» Problem statement
In the entries below, find the line with "Specification: 0138-4H Handwoven" and the line with "أثارت الفنانة رحمة", then retype both and everything between them exactly. Do not copy the pictures.

(Records for this task Opens)

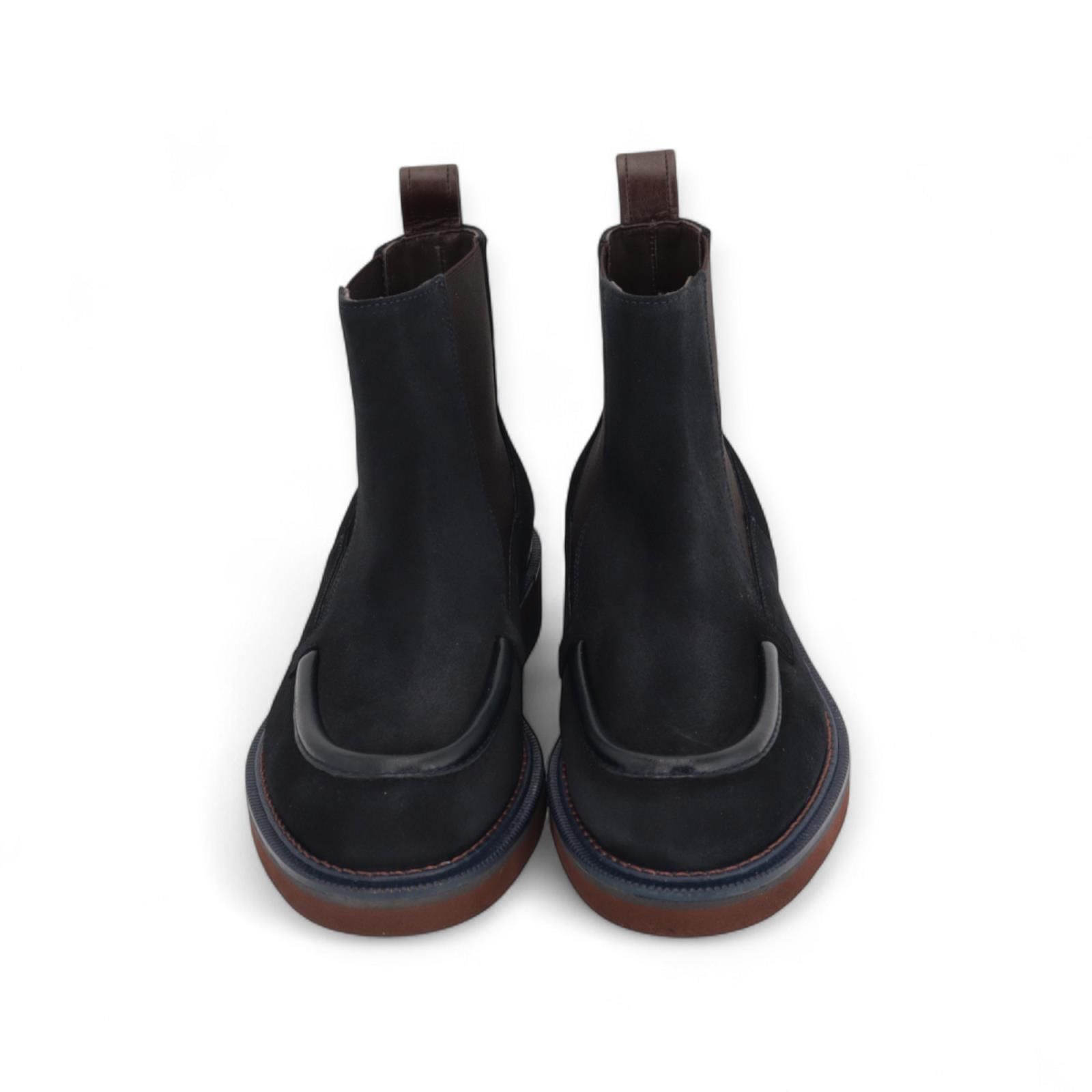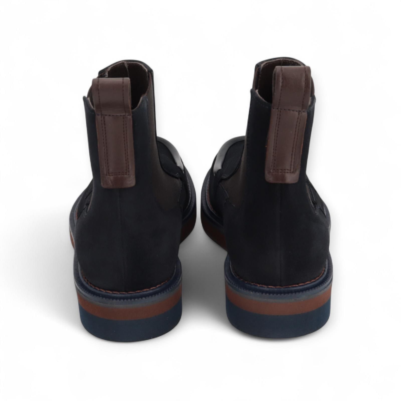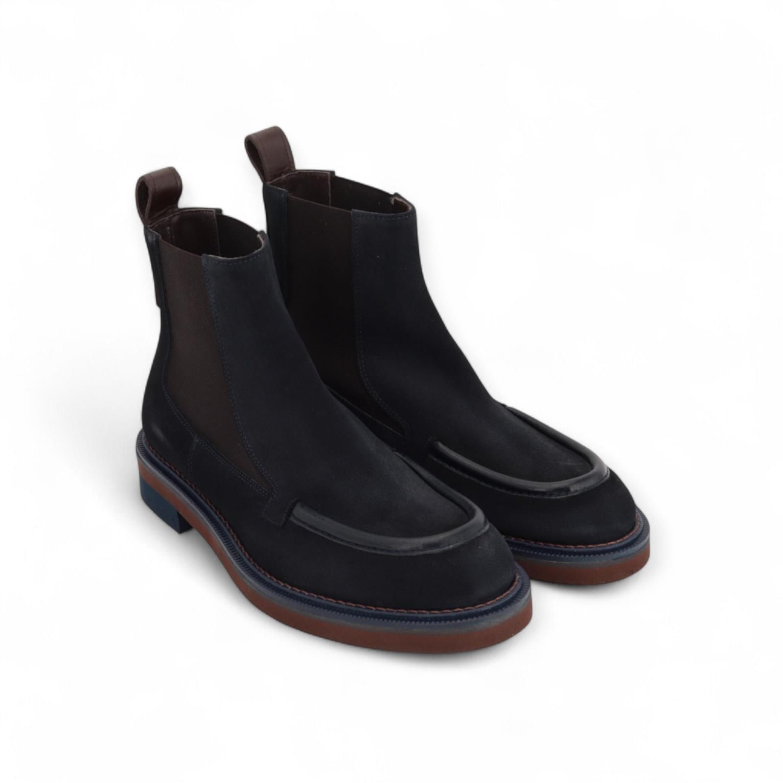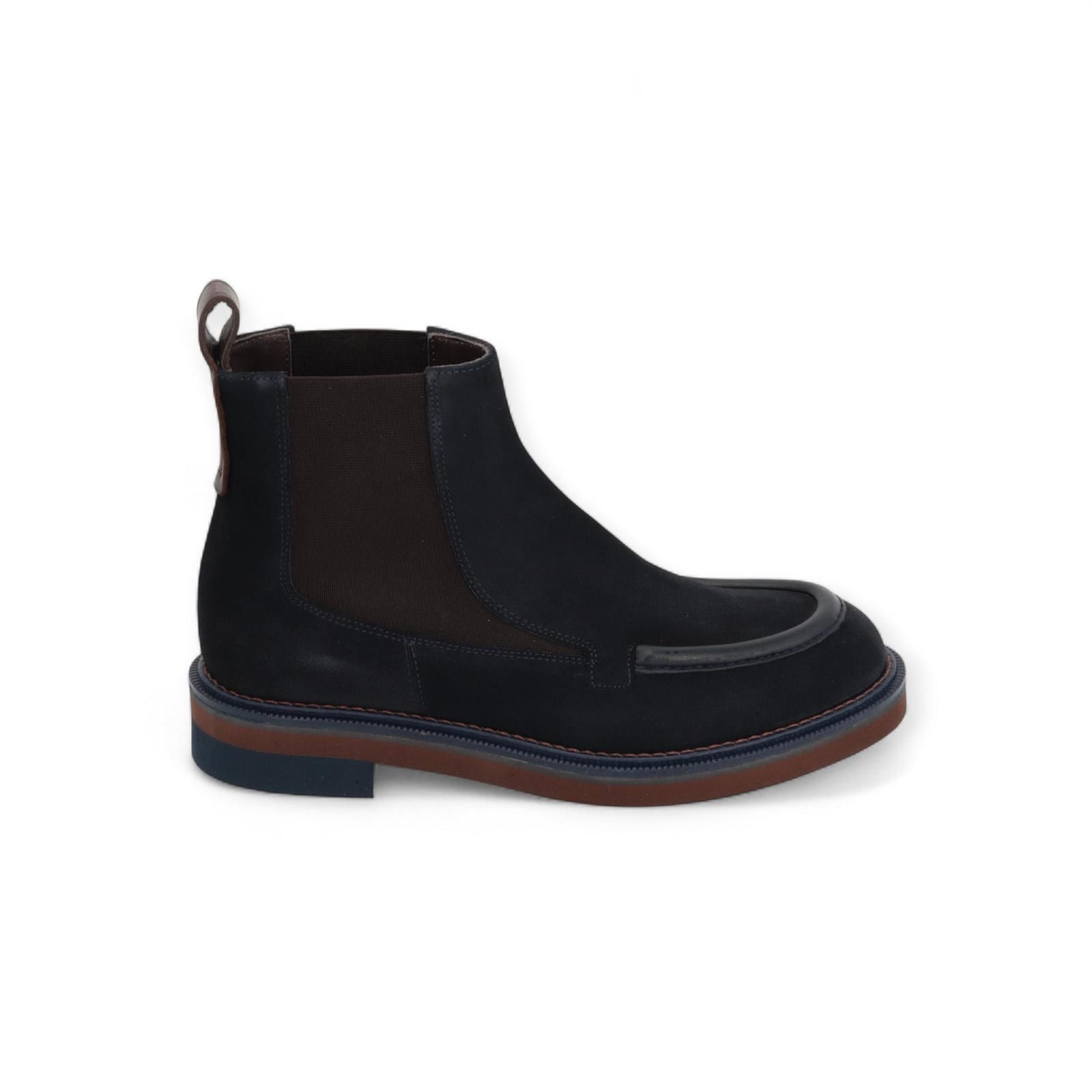 Enkellaars van Pertini voor dames. Deze enkellaars is in blauw suède met een dikke stekking op de voorvoet. Is met zwarte rekkers aan de zijkant met een cognac brede hiellip voor het model makkelijk aan te trekken. Is op een mooi afgewerkte antislipzool met blauwe en cognac band.
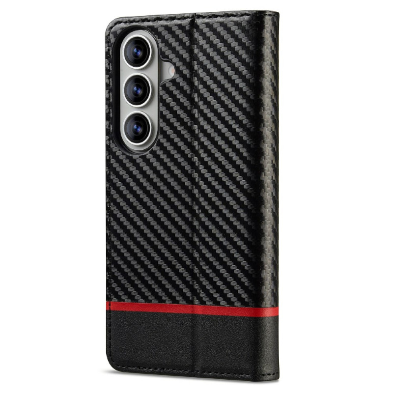 Protégez votre Samsung Galaxy S26 Plus avec style grâce à cet étui portefeuille multifonction. Conçu en cuir PU texturé fibre de carbone, il allie élégance et robustesse. Profitez de 3 emplacements pour cartes et d'un compartiment pour espèces...
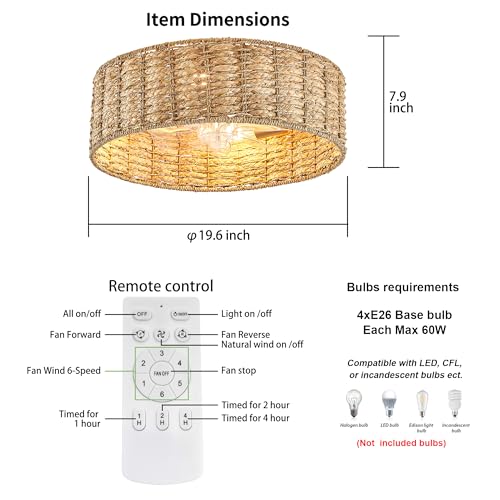 Specification: 0138-4H Handwoven Rattan Caged Boho Ceiling Fans with Lights Remote Control Flush Mount Fandelier Low Profile for Bedroom,4-Light,20″
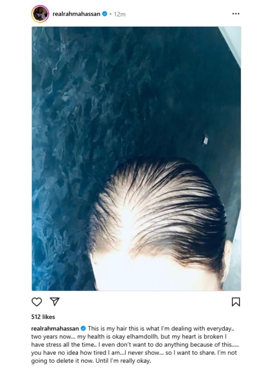 أثارت الفنانة رحمة حسن حالة من الجدل والحزن بين متابعيها، بعد أن شاركت صورة صادمة عبر حسابها الرسمي على تطبيق "إنستجرام"، كشفت فيها عن تساقط شعرها بشكل كبير من الجذور، مؤكدة أنها بدأت تعاني من الصلع نتيجة جلسات خضعت لها في إحدى العيادات التجميلية الشهيرة.
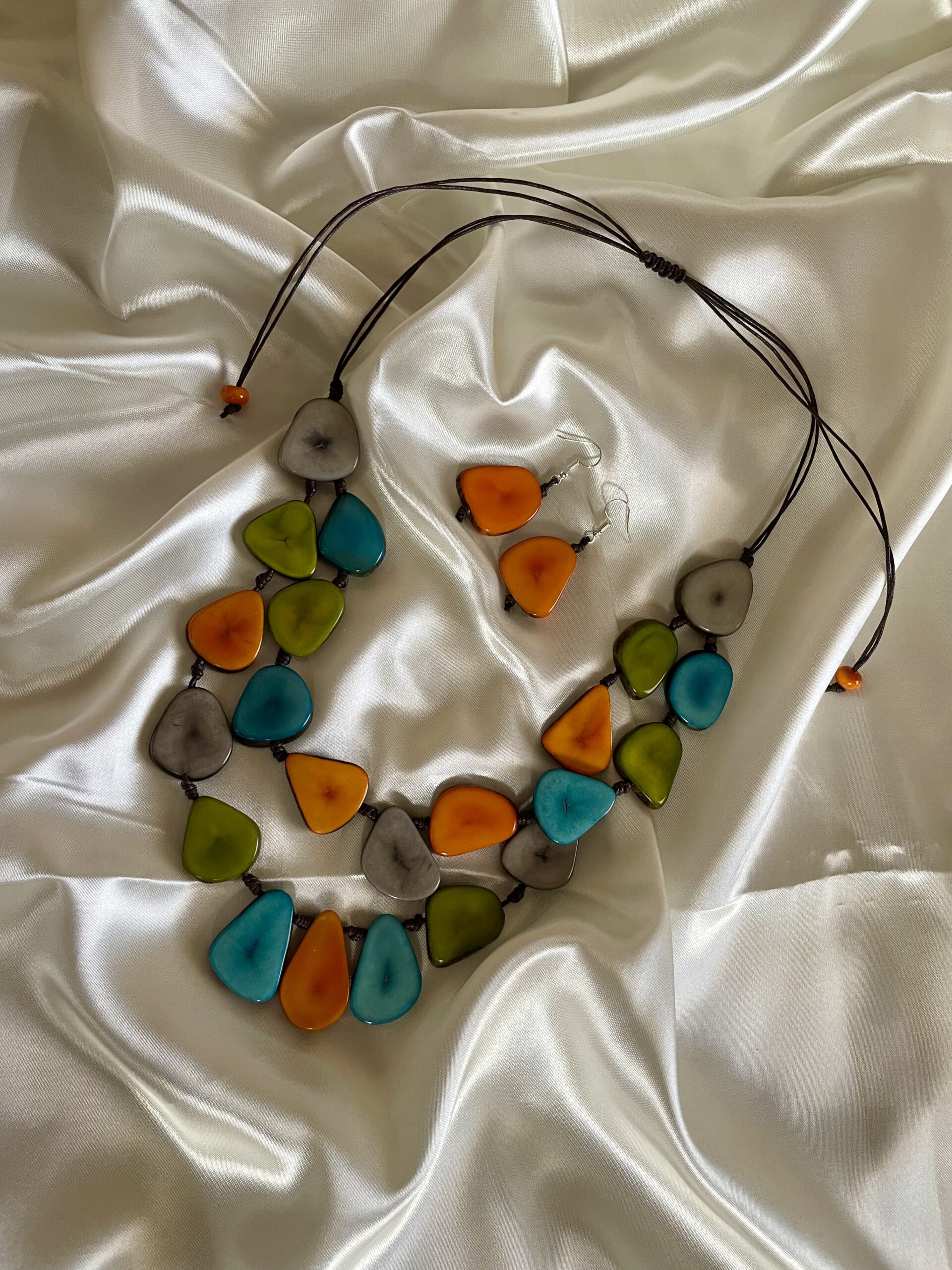 Collar de Tagua con cordón de hilo encerado para bisutería. Medida aproximada y ajustable: 33cm de largo, aretes 6cm de largo.
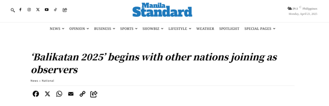 图为菲律宾媒体报道截图
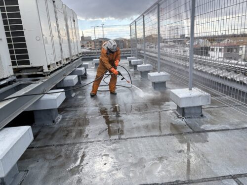 仮設足場を設置した後に、屋上から高圧水洗をしていきます!
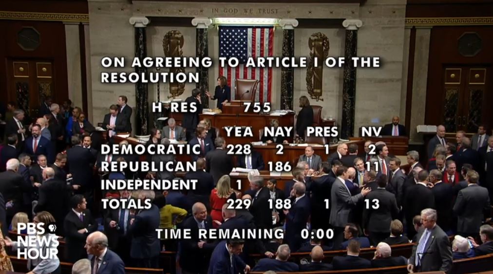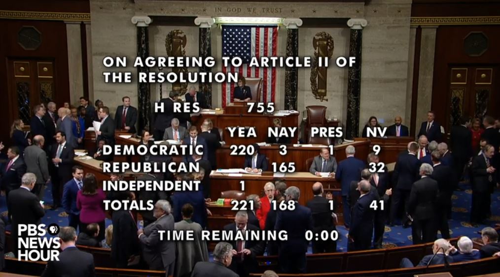 미 하원의회(의장: 낸시 펠로시, 민주당)는 장시간의 치열한 토론과 휴정을 반복한 끝에 표결을 거쳐 트럼프 대통령에 대한 탄핵안을 가결시켰습니다.
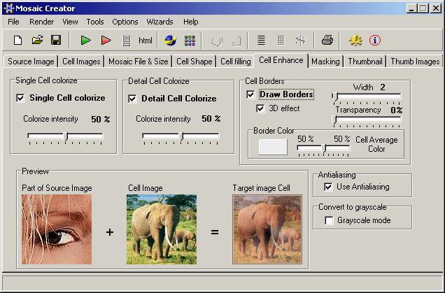 Mosaic Creator is a versatile tool that enables users to transform digital images into unique mosaic artworks. The application provides a comprehensive set of features, allowing for the creation of customizable mosaics with an unlimited number of cells. Users can experiment with various cell shapes, including puzzle pieces, triangles, and hexagons, to achieve distinct visual effects. The tool offers a wide range of options to control the distribution and rendering of the mosaic elements, ensuring precise control over the final outcome. The resulting mosaic images can be created at any desired size, with no limitations on the number of source images utilized. Furthermore, the application supports the use of alpha masks and color masks, enabling advanced image enhancement techniques to be applied to the final mosaic composition
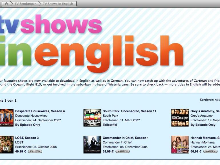 Derzeit finden sich nur einzelne Staffeln bekannter Serien in der originalsprachlichen Version im Sortiment. Unter anderem werden die Serien "Desperate Housewives (4. Staffel), Lost (3. Staffel) und South Park (11. Staffel) in Englisch angeboten. Weitere Serien und Staffeln sollen in jedoch Kürze folgen. Nicht unbedingt nachvollziehbar ist allerdings, warum es nach wie vor keine Möglichkeit gibt eine Folge oder ganze Staffel mit beiden Tonspuren (Deutsch und Englisch) zu kaufen.
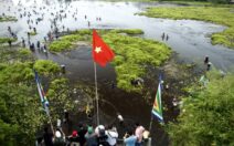 Đông đảo người dân và du khách đã tập trung về Khu du lịch sinh thái Trà Lộc, huyện Hải Lăng, tỉnh Quảng Trị tham gia lễ hội phá trằm...

(Records for this task Closes)

» Result
 Specification: 0138-4H Handwoven Rattan Caged Boho Ceiling Fans with Lights Remote Control Flush Mount Fandelier Low Profile for Bedroom,4-Light,20″
 أثارت الفنانة رحمة حسن حالة من الجدل والحزن بين متابعيها، بعد أن شاركت صورة صادمة عبر حسابها الرسمي على تطبيق "إنستجرام"، كشفت فيها عن تساقط شعرها بشكل كبير من الجذور، مؤكدة أنها بدأت تعاني من الصلع نتيجة جلسات خضعت لها في إحدى العيادات التجميلية الشهيرة.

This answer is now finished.